Let me be clear about this: I am not suggesting that we need fewer addiction programs in the state. I haven’t studied this situation enough to make a judgment such as that. But I do strongly suspect that we don’t need any more programs. I believe that we would get better ROI by putting additional funding into the programs already in place rather than by starting yet another.

Funds are dwindling – everywhere. There’s just not enough money to go around. The pie is smaller; the need is greater. In the past, it has been difficult for moderate and small-sized nonprofits to recruit suitable leadership, simply because nonprofits traditionally pay substantially less than their counterparts in the for-profit marketplace for positions of equal responsibility. Often the best candidates don’t even bother to apply. Of course, there will always be those of us (particularly baby boomers) who feel a calling for working in the nonprofit industry, despite the monetary downside. But the hard fact is that resources are diminishing, even for those of us committed to the altruistic goals.
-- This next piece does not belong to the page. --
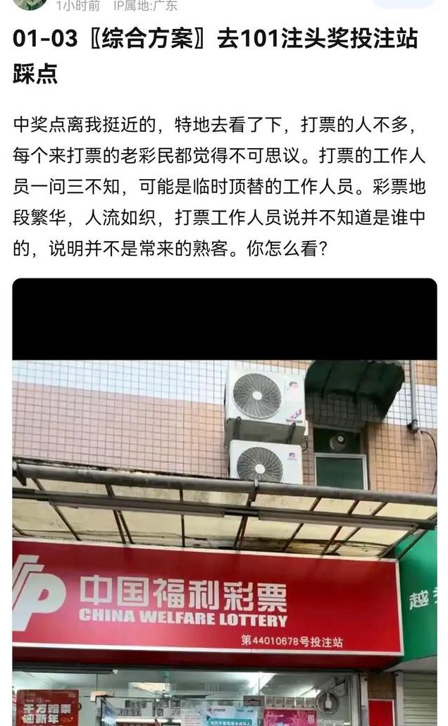 其中,一位当地的网友还亲自到彩票店沾沾喜气,并表示当地有人拿出了照片,表示这位中奖者是个大爷,当时进店还戴着口罩与鸭舌帽。从上面这张图片来看,确实有点像中了大奖,怕被人知道,然后低调现身彩票店。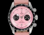 T Factory 帝舵 Tudor Black Bay Chrono系列是一款融合潜水表传统与赛车计时功能的混合型腕表,以其复古美学与现代技术著称。以下是该系列的主要特点及型号简介: DDD 设计灵感与风格 DDD 表盘设计灵感源自 年代帝舵潜水表和标志性“雪花”指针,镜面使用蓝宝石锅盖玻璃更显突出,同时向 年首款计时码表Oysterdate致敬。 DDD 测速外圈:配备哑光黑色阳极氧化铝测速计字圈,适合赛车计时功能 DDD 表盘选择:提供最新款 杰伦粉-蒂芙尼蓝可选 DDD 表壳:41毫米磨砂及磨光3

In April of 2009, a survey of over 1,100 nonprofit leaders in markets nationwide was released by Nonprofit Finance Fund (NFF). The key findings were pretty bleak:

• Only 12% of nonprofits expect to operate above break-even this year.

• Just 16% anticipate being able to cover their operating expenses in both 2009 and 2010.

• 31% don't have enough operating cash in hand to cover more than one month of expenses, and another 31% have less than three months' worth.

• 52% of respondents expect the recession to have a long-term (2+ years) or permanent negative financial effect on their organizations.

• 93% of lifeline organizations that provide essential services anticipate an increase in demand in 2009.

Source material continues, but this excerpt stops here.